Mitzvos are meant to change us:
לא ניתנו המצוות כ"א לצרף את הבריות
Beraishis Rabba 44:1
If a mitzva hasn’t tangibly improved my practical behavior or worldview, I assume I haven’t don’t it quite right. Which has, for many years, been a particularly frustrating part of my ספירת העומר.
Counting Sefira is easy: it takes only a few seconds and is repeated night after night in a way that begs for some kind of progressive growth over time. But I really don’t know how or where that growth should happen.
Rabbi S.R. Hirsch teaches us that Sefira connects the Minchas Ha’Omer (which permitted new grain crops for private use) with the Shetai Halechem brought 49 days later (which permitted new grain crops for use in the Mikdash).

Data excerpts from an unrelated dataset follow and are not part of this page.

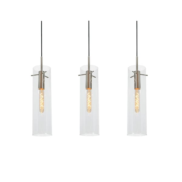 - The sleek 3-light linear design with cylindrical glass shades adds a modern, sophisticated touch to any dining area or kitchen island.
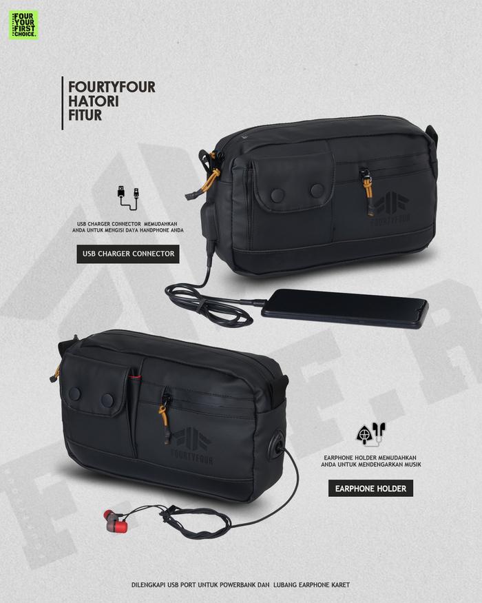 FOURTYFOUR HATORI - TAS SLING BAG WATERPROOF ANTI AIR - HAND BAG 2 IN 1 BISA SELEMPANG DAN HAND BAG SLINGBAG - BLACK
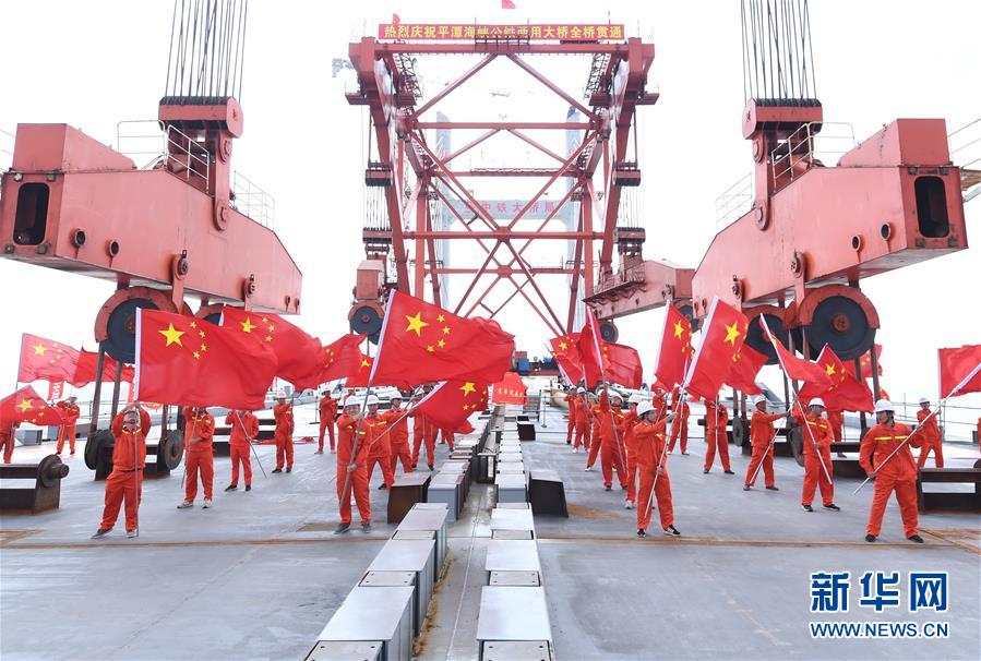 9月25日,中鐵大橋局的建設(shè)者在平潭海峽公鐵大橋施工現(xiàn)場歡慶大橋成功合龍。新華社記者林善傳攝
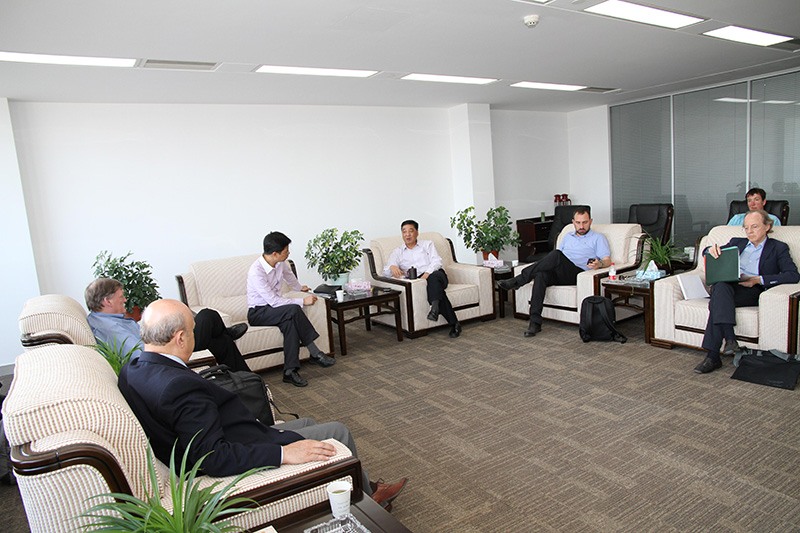 2、閏土股份展廳內(nèi),公司銷售員和全球客商進(jìn)行商務(wù)洽談。

The Omer, having been offered on the second day of Pesach, draws our attention to the physical fruits of our new-found national independence and identity. But, continued R’ Hirsch, that’s where most nations stop. As the People of the Torah, however, we’re supposed to lash that identity and independence to the principles and morality of the Torah. Thus, seven cycles of seven days’ thinking about how all that should apply to our mundane lives.
Sadly, I’ve so far been unable to find a way to integrate those lofty thoughts into my daily mundane life.
Using Mishna Avos for inspiration
Some communities make a point of learning the six chapters of Pirkei Avos during each of the six (or so) intervening weeks. The idea is to use Avos to focus ourselves on the Sefira mindset. That’s truly wonderful.
But I’ve long suspected that Avos wasn’t really meant for us. The content is - for the most part - directed most directly at rabbinic leadership. After all, how many of us will ever need to know how to lead a rabbinic court, select and manage elite Torah students, or shape relationships with governments?
I believe that the very first words of Avos (משה קיבול תורה מסיני ומסרה ליהושע) hint to this. Unlike the account of Moshe’s transmission of the Torah provided in Mesechte Eruvin (54b, where the flow goes from Moshe → Aharon → sons of Aharon → elders → the entire nation), Avos doesn’t even mention the nation as a whole. So, while learning Avos is all upside, I’m not sure how well it complements Sefira.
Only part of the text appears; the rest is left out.